Not with the picture the OP posted, that was ugly.


----------



## fletchoman (Dec 15, 2013)

lessd said:


> Not with the picture the OP posted, that was ugly.


Here is another one: tuner 5 is also OTL


----------



## tatergator1 (Mar 27, 2008)

I'd be interested to know your CableCard brand and firmware version. The Cisco firmware 1.5.2.2801 or 1.5.3.0601 can do 6 tuners at some times but present problems at other times.


----------



## fletchoman (Dec 15, 2013)

tatergator1 said:


> I'd be interested to know your CableCard brand and firmware version. The Cisco firmware 1.5.2.2801 or 1.5.3.0601 can do 6 tuners at some times but present problems at other times.


I'm using the Cisco cable card...1.5.2_F.p.3001.

A channel test brought the system back to life and now all the tuners are working.


----------



## Bierboy (Jun 12, 2004)

That is some ugly ****** on those pics


----------



## nooneuknow (Feb 5, 2011)

I'm getting the same thing on my diag screens, since the update rolled, but had not before the update.

Whatever TiVo did to workaround the problem, took me from not having SDV problems, to lots of these problems. Sometimes it's not even a SDV channel, but I think another tuner being on a SDV channel is what causes the non-SDV channel to give DVR Diags these types of statuses.

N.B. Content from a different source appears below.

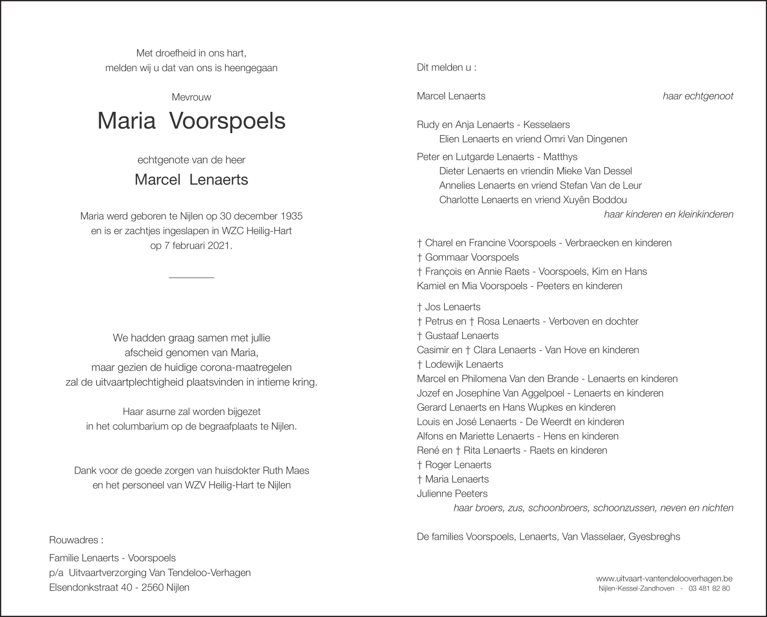 Overleden te Nijlen (2560) op zondag 7 februari 2021 op 85-jarige leeftijd

Three affected Roamios, and one Premiere I haven't shipped away yet. All getting borked by this update.


----------



## fletchoman (Dec 15, 2013)

I just got off of the phone with a very capable Tivo support person (Christopher). We found that the signal strength was too strong (100%, 41db) on all tuners. I placed a 10db attenuator inline to get (86%, 34db). I will report back if this change solves my issue.


----------



## HazelW (Dec 6, 2007)

You are probably experiencing the cablecard problem with six tuners activated. The one you are using has problems. Read the thread on Tuners 5 and 6 not working. You need to revert to 5 or 4 tuners.


----------



## andyw715 (Jul 31, 2007)

TA problem?


----------



## nooneuknow (Feb 5, 2011)

andyw715 said:


> TA problem?


In my case no. Going from six TAs in use, to three, lets me swap them around, same with cablecards. I haven't returned any yet, just in case the ones I picked (I go for the highest serial numbers/most recent manufacture date) seem to be failing or have some issue that can be resolved by changing them.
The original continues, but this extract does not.